- DESCRIPTION OF THE TASK -
Your answer must be an exact copy of the entries below, with no pictures in it.

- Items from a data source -
──────

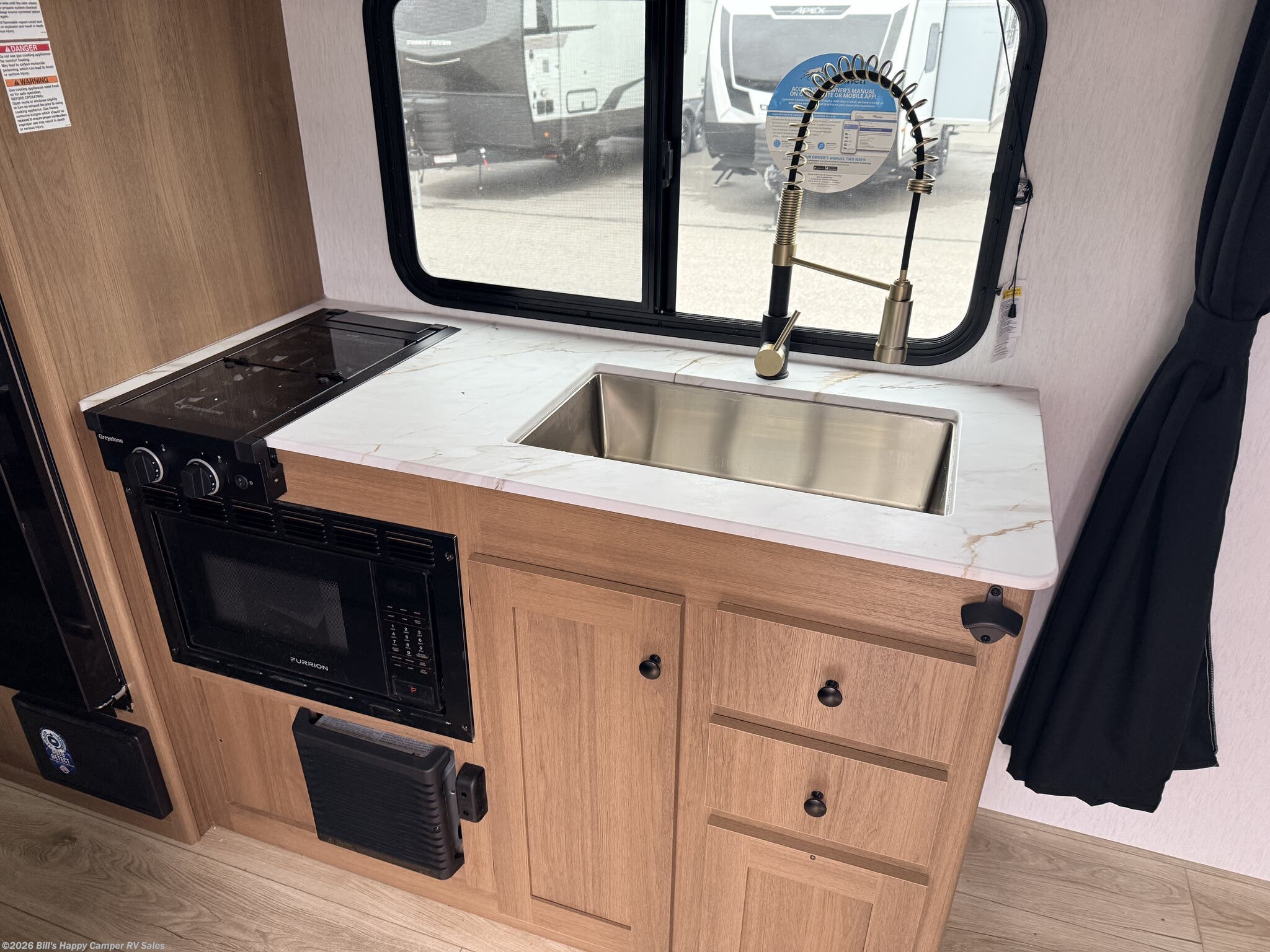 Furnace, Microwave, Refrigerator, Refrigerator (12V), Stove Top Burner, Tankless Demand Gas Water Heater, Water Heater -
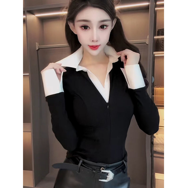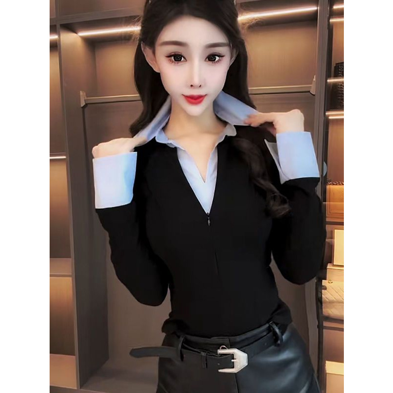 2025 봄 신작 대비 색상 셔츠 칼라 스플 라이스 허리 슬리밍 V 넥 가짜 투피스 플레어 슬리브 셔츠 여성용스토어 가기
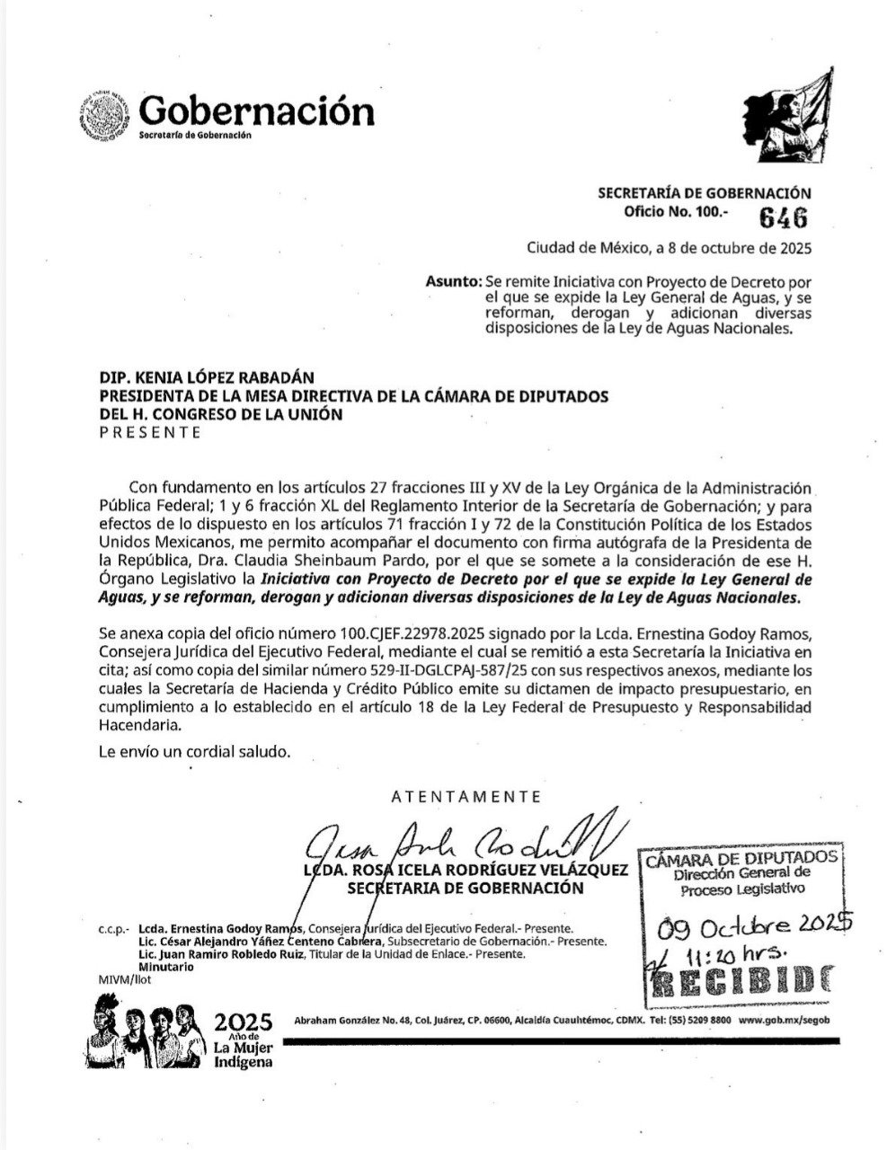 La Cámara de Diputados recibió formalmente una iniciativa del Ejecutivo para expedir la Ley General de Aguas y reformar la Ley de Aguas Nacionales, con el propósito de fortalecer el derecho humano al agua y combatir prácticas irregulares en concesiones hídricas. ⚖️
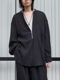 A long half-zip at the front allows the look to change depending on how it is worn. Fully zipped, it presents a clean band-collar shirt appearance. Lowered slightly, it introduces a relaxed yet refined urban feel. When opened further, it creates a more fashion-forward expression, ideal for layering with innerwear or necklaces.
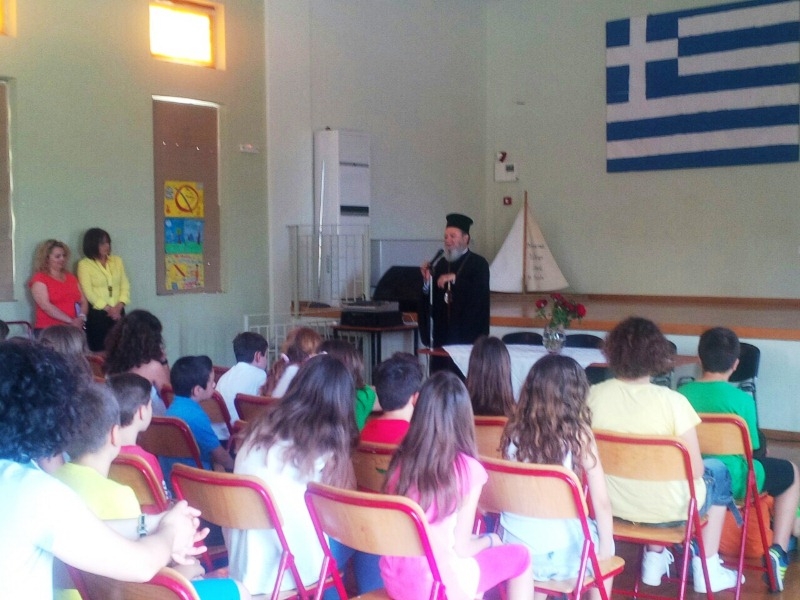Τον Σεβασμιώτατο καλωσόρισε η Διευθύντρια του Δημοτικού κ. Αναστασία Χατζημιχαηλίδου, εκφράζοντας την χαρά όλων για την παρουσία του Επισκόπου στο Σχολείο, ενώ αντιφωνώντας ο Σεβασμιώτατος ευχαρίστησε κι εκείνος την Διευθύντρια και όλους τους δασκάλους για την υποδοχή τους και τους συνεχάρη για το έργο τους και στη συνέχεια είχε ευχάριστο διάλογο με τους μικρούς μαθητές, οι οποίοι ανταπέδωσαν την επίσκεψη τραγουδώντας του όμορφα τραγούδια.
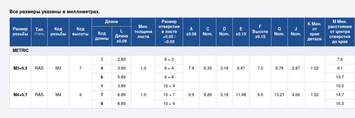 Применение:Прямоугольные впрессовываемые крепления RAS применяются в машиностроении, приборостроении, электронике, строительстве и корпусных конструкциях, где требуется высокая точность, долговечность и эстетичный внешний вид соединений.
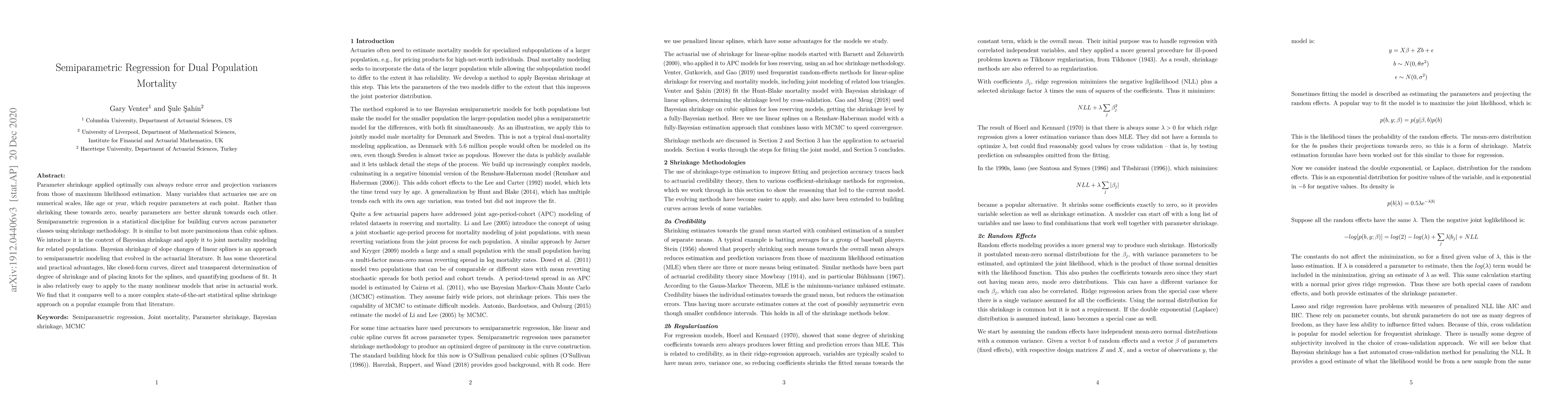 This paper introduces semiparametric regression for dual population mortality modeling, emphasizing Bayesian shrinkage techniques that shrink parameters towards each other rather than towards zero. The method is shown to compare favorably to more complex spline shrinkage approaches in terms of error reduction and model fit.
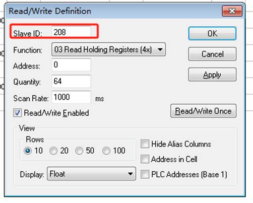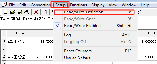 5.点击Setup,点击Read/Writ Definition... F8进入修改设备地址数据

──────

- OUTPUT OF THE EXERCISE -
 Furnace, Microwave, Refrigerator, Refrigerator (12V), Stove Top Burner, Tankless Demand Gas Water Heater, Water Heater -
 2025 봄 신작 대비 색상 셔츠 칼라 스플 라이스 허리 슬리밍 V 넥 가짜 투피스 플레어 슬리브 셔츠 여성용스토어 가기
 La Cámara de Diputados recibió formalmente una iniciativa del Ejecutivo para expedir la Ley General de Aguas y reformar la Ley de Aguas Nacionales, con el propósito de fortalecer el derecho humano al agua y combatir prácticas irregulares en concesiones hídricas. ⚖️
 A long half-zip at the front allows the look to change depending on how it is worn. Fully zipped, it presents a clean band-collar shirt appearance. Lowered slightly, it introduces a relaxed yet refined urban feel. When opened further, it creates a more fashion-forward expression, ideal for layering with innerwear or necklaces.
Τον Σεβασμιώτατο καλωσόρισε η Διευθύντρια του Δημοτικού κ. Αναστασία Χατζημιχαηλίδου, εκφράζοντας την χαρά όλων για την παρουσία του Επισκόπου στο Σχολείο, ενώ αντιφωνώντας ο Σεβασμιώτατος ευχαρίστησε κι εκείνος την Διευθύντρια και όλους τους δασκάλους για την υποδοχή τους και τους συνεχάρη για το έργο τους και στη συνέχεια είχε ευχάριστο διάλογο με τους μικρούς μαθητές, οι οποίοι ανταπέδωσαν την επίσκεψη τραγουδώντας του όμορφα τραγούδια.
 Применение:Прямоугольные впрессовываемые крепления RAS применяются в машиностроении, приборостроении, электронике, строительстве и корпусных конструкциях, где требуется высокая точность, долговечность и эстетичный внешний вид соединений.
 This paper introduces semiparametric regression for dual population mortality modeling, emphasizing Bayesian shrinkage techniques that shrink parameters towards each other rather than towards zero. The method is shown to compare favorably to more complex spline shrinkage approaches in terms of error reduction and model fit.
 5.点击Setup,点击Read/Writ Definition... F8进入修改设备地址数据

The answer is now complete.